Lyme Regis coastal protection work to start

Eroding cliffs between Lyme Regis and Charmouth
Image caption Residents will be able to find out how erosion might affect them in the future

Major construction work to protect part of a Dorset town from coastal erosion will begin in 2013, according to the local council.

The project to protect the eastern part of Lyme Regis, on the Jurassic Coast, has already begun with ground surveys and preliminary work taking place.

West Dorset District Council said construction, expected to start in the spring, would last about two years.

The work will protect 480 homes and the main road into the east of the town.

Engineering works have already been carried out to protect other parts of the town, including the construction of a new sea wall and promenade.

The latest phase of protection works will be paid for with £14.6m of Defra funding, £4.27m from Dorset County Council and £600,000 from West Dorset District Council.

A new 390m (436 yards) section of sea wall will be built and the steep slopes at Church Cliff and East Cliff will be stabilised.

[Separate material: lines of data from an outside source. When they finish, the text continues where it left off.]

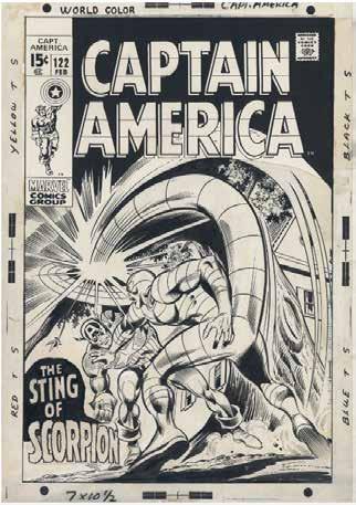 JOE SINNOTT (1952 Cartooning), original inks for the cover of Marvel’s Captain America #122, 1968 (pencils by Gene Colan). From Joe Sinnott: Embellishing (Hermes Press, 2018).
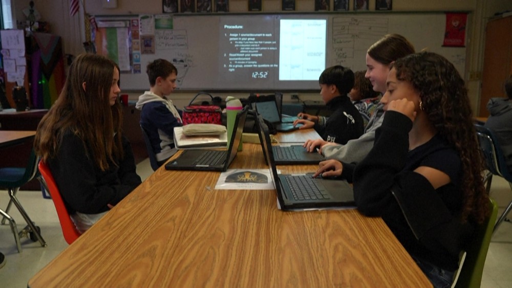 At Mark Twain Middle School, in the US state of Virginia, students are banned from using their phones as part of a trial aimed at improving focus and learning. The school's principal said he thinks the policy eliminates distractions, enhances academic performance, and reduces negative social behaviors. However, students have mixed opinions.
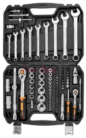Nástrčkové kľúče ½", ¼", sada 82 kusov, ECO, 10-058 NEO je kvalitná sada až 82 kusov produktov ponúkaná v pohodlnom plastovom kufríku s kovovými západkami a praktickou rukoväťou. Vertikálne umiestnenie prvkov v ňom zaručuje väčší komfort používania a rýchlejší zber potrebného príslušenstva. Sada obsahuje nasledujúce nástroje a príslušenstvo:
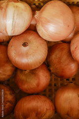 Top view of a vegetable background of freshly harvested red organic white onion straight from the farmland outdoor at daytime inside a greengrocer in Japan with space for text.
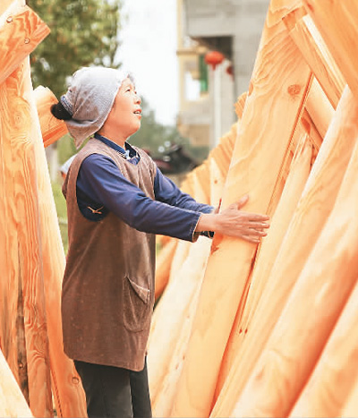 在湖南懷化市通道侗族自治縣播陽鎮(zhèn)上寨村,侗族婦女曬木料薄片,實現(xiàn)“家門口”就業(yè)增收。
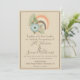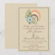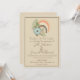 De perfekta bröllopsinbjudningarna för ett sandigt och blåsigt strandbröllop, denna inbjudan har en sandfärgad bakgrund med ett dekorativt snigelskal högst upp i mitten.
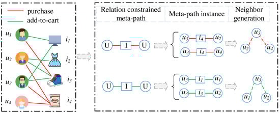 As shown in Figure 1, there are two relation-constrained metapaths: : and : , which correspond to different user behaviors. The instantiation process of the relation-constrained metapath is carried out by Equation (6). We have
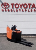 Plattform manuell hochklappbar, feste Seitenschutzwände mit schmalem Deichselgriff, kurzer Deichselarm, Servolenkung, 12,5 km/h Version, Gabelrollen Tandem, Stützrad Einfach- Premium, Antriebsrad - Premium, PIN-Code
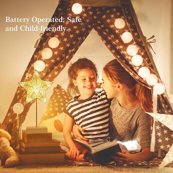 • ⭐ Warm & Gentle Light: 20 little built-in LED beads emit a soft and comfortable warm white light that make such a tiny star lamp to light up the whole room, which can create a cozy atmosphere for you. The light is just right, neither too bright nor too dim, protecting your eyes and brightening your room as well as your mood.
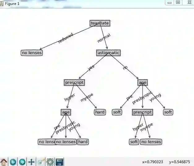 lensesTree = trees.createTree(lenses, lensesLabels)
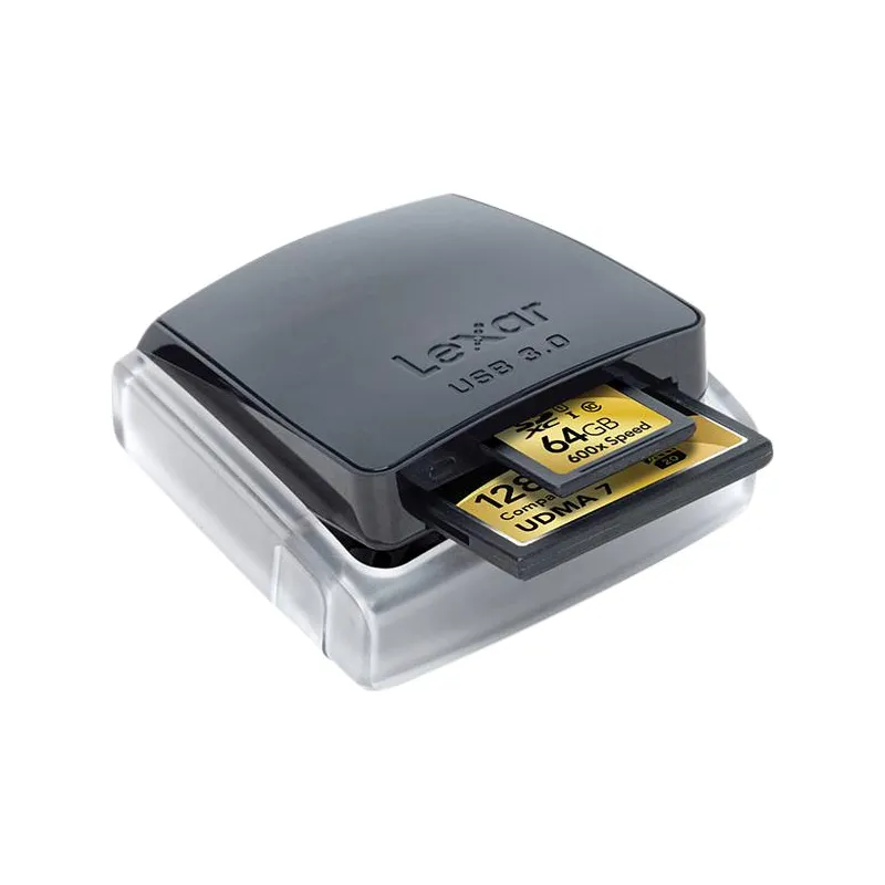 The Lexar ® Professional USB 3.0 Dual-Slot Reader is a professional-level, portable USB reader that provides maximum high-speed performance, with a USB interface speed up to 500MB/s.* It lets you leverage the performance capabilities of the latest UDMA CompactFlash ® (CF) (including UDMA 7 CF 6.0) and SD™, SDHC™, SDXC™**, and SD UHS-I and UHS-II (SD 3.0) memory cards.
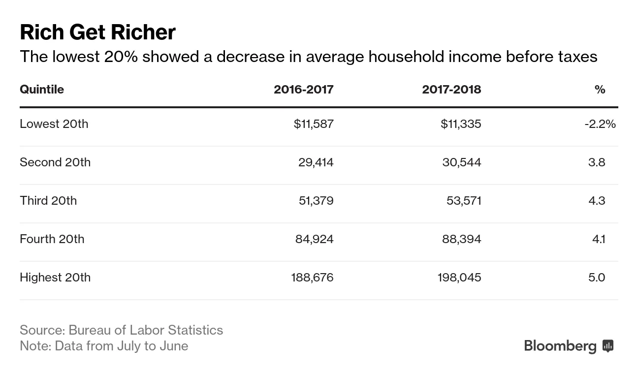 大多数美国人去年看到薪水增加和支出增加,但最贫困的人却没有。在截至2018年6月的一年中,底层20%的家庭平均收入下降了2.2%,降至11,335美元。尽管他们的支出比前一年少了0.5%,但他们的支出仍然超过了收入,与富裕的美国人相比,他们在食品和住房上的支出占收入的比例更高。对于一些贫困家庭来说,特朗普政府重新定义贫困的举动可能会使他们获得援助的机会面临风险。
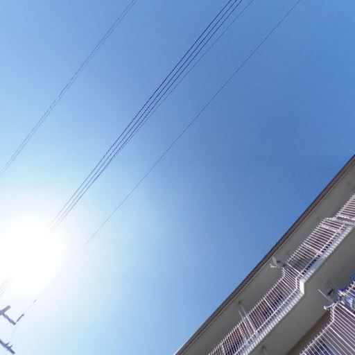 • 日当たり良好(確度86%):直射日光が強く、建物や通路、バルコニーが明るく照らされている。

Robert Gould, leader of West Dorset District Council, said: "Lyme Regis is on an actively eroding stretch of coast and faces huge challenges from coastal erosion and consequent land slips, which is why this work is so important.

"The scheme will protect the eastern side of Lyme Regis. Without it, substantial areas of housing and the main road into the town would be lost over the next 50 years."

In May 2008, about 400m (1,312ft) of cliff slipped between Lyme Regis and Charmouth, exposing an old landfill site.